Ulla Popken
- Company type: Clothing
- Industry: Clothing
- Genre: Women's Plus sizes
- Founder: Johann Popken
- Headquarters: Rastede, Ammerland, Germany
- Number of locations: 320+
- Key people: Ulla Popken CEO: Thomas Schneider
- Products: Women's clothing

= Ulla Popken =

German clothing retailer

Ulla Popken is a German clothing retailer headquartered in Rastede. It specializes in Women's plus size clothing and sells these in more than 320 stores across Europe as well as in the United States through a biweekly 48-page catalog.

==History==
In 1880, Johann Popken, the grandfather of Ulla Popken's husband Friedrich, founded a textile company in Hamelin. During the 20th century, his son Karl operated the business until he stopped in 1960 due to failing health. Eight years later, Karl's son Friedrich and his wife Ulla took over operations. In 1968, they opened the first specialty maternity shop in Oldenburg, Germany. By 1978, the company had three stores in Bremen, Hanover, and Hamburg.

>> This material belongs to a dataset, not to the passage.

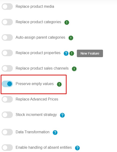By combining “Preserve empty values” with the __EMPTY__VALUE__ placeholder, you can precisely control whether a variant uses its own value or inherits data from its parent product — fully aligned with Shopware 6’s native inheritance model.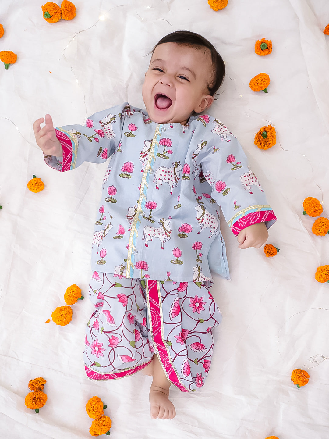 BownBee Pure cotton Long Sleeves Kurta Dhoti Set For Infant Boys - Sky blue (Pre-Order)

In 1993, the company started marketing in the United States. After the launch of their online store in 1999, the company opened its first U.S. store in Towson, Maryland the following year. Ulla Popken's U.S. headquarters are located in Glen Arm, Maryland.

In 2008, Astrid Popken and her husband, Thomas Schneider, took over the management of Ulla Popken in Germany. In 2012, the Popken Fashion Group was created. Under this umbrella are four brands: Ulla Popken, Gina Laura, menswear label JP1880, and Studio Untold.